Last year I made a smallish bed raised high enough to grow carrots without having to protect against carrot fly – which doesn’t fly above around 2ft 6in, 3ft, or a metre, depending on which source you read. To be on the safe side I made my bed over a metre high. Also, because I felt that an awful lots of good organic matter was being buried deep in the base of this high box and going to waste, I created it as a tiered bed – essentially the high-rise carrot bed was a box set in the middle of a more conventionally sized raised bed. In this tier around the outside of the carrot box, I grew strawberries.
This two-tiered bed was a great success with both excellent strawberries and carrots – and then after the carrots were harvested, I transplanted radicchio and chicory seedlings to mature overwinter. It turned out that there were other advantages I hadn’t foreseen in having a raised bed inside a raised bed, and fired up by this, I made a three-tiered bed to go in a part-sunny, part-shady area in my garden this year.
Why make a tiered bed as opposed to a simple raised bed?
1. Carrots. The original tiered bed was designed to be high enough to grow carrots without them being troubled by carrot fly. Had I simply grown carrots in a 1m high box, a lot of soil would have been wasted filling the bed and it would be difficult to reach the middle of it to plants, weed and harvest.
2. Better access to light. The higher tiers get more sun. In my garden the back of the bed would be a damp and murky place were it not raised up to catch more sun.
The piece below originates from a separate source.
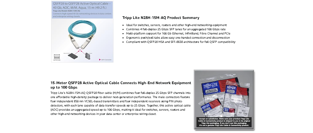 This QSFP28 to QSFP28 cable integrates a 100 Gbps Ethernet-optimized 38-position “board as connector” design. The plenum-rated OFNP jacket is designed for connecting network components in drop ceiling, walls and ducts. Die-cast zinc connectors are tested to meet stringent insertion loss standards, offer superior EMI resistance and reduce crosstalk. The QSFP28 optical cable is suitable for high-speed, short-reach dense data connections, such as 100GBASE-SR4 Ethernet, PCIe, Fibre Channel and InfiniBand applications.
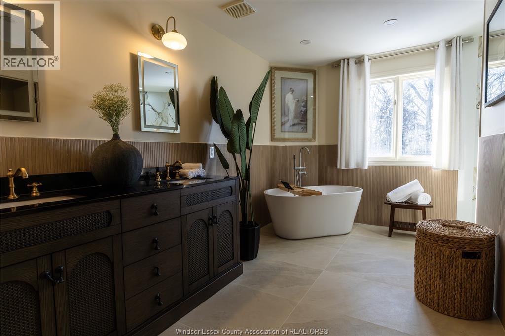 Welcome to effortless, move-in ready living on prestigious Old Tecumseh Road. This beautifully updated 5-bedroom, 2.5-bath two-storey offers over 3200 sq. ft. of refined comfort just steps to East Pike Creek and the shores of Lake St. Clair. Blending timeless character with modern design, every detail has been thoughtfully curated (2024–2026) for relaxed living and memorable entertaining. Step inside to sun-filled spaces featuring new and refinished flooring (2025/26), fresh paint, elegant trim (2025), and all-new main-floor windows (2025). The updated kitchen shines with stylish countertops and backsplash (2025), while full plumbing replacement (2025) offers peace of mind. Custom blinds (2025) complete the polished feel throughout. All bathrooms are beautifully renovated (2025), highlighted by a serene primary en-suite with soaker tub—your private retreat. The finished lower level is designed for lifestyle, with a custom tiered theatre room (2024) and dedicated home gym (2024). Outdoors, unwind or entertain on the expansive cedar deck (2024) surrounded by lush raised garden beds, herb gardens, cherry trees, and a peach sapling—your own private escape. With thoughtful features like hidden storage and a truly turnkey feel, this is a rare opportunity to simply move in and start enjoying everything this exceptional home and location have to offer. Theater TV's and Equipment Included. Sod being laid in April for back yard. (id:4555)

3. Crop variety. It’s easier to adjust the soil to suit the crop in each tier. With carrots again, the soil in the top tier where the carrots are grown can have sand added to it which doesn’t affect the soil in the lower tiers which may have bonemeal added for strawberries, or manure for Chinese broccoli.
4. Crop rotation. Following on from variety above, crops can be ‘micro-rotated’ within the tiered bed with ease.
5. Warmth. The raised sides of each tier can reflect warmth on to the growing crops. This can be accentuated by painting the sides white, or even coating with silver foil.
6. Weed-free. Maybe this is down more to ground preparation but I find the tiered bed is to all intents and purposes weed-free, more so even than a conventional raised bed.
7. Aesthetically pleasing. A tiered bed does look smart, even a bit of a talking point. And in my narrow garden, the tiered bed gives the impression of width. I’m sure an artist could explain why.
Now, out of sheer laziness, I find myself beyond the point of no return in building a massive three-tiered bed on the allotment. I measured up a corner of the bed just under the asparagus where the slope makes it shady and prone to poor drainage – both problems which will be nicely alleviated by a raised bed – and then decided I couldn’t be bothered to cut all the gravel boards to fit, so might as well just use 2.4m boards for the base uncut. That base has now gone down and it’s HUGE. This year as well as carrots in the top, I’ll plant out the courgettes in the lower tiers – I can fill these with lot of kitchen compost which the courgettes like.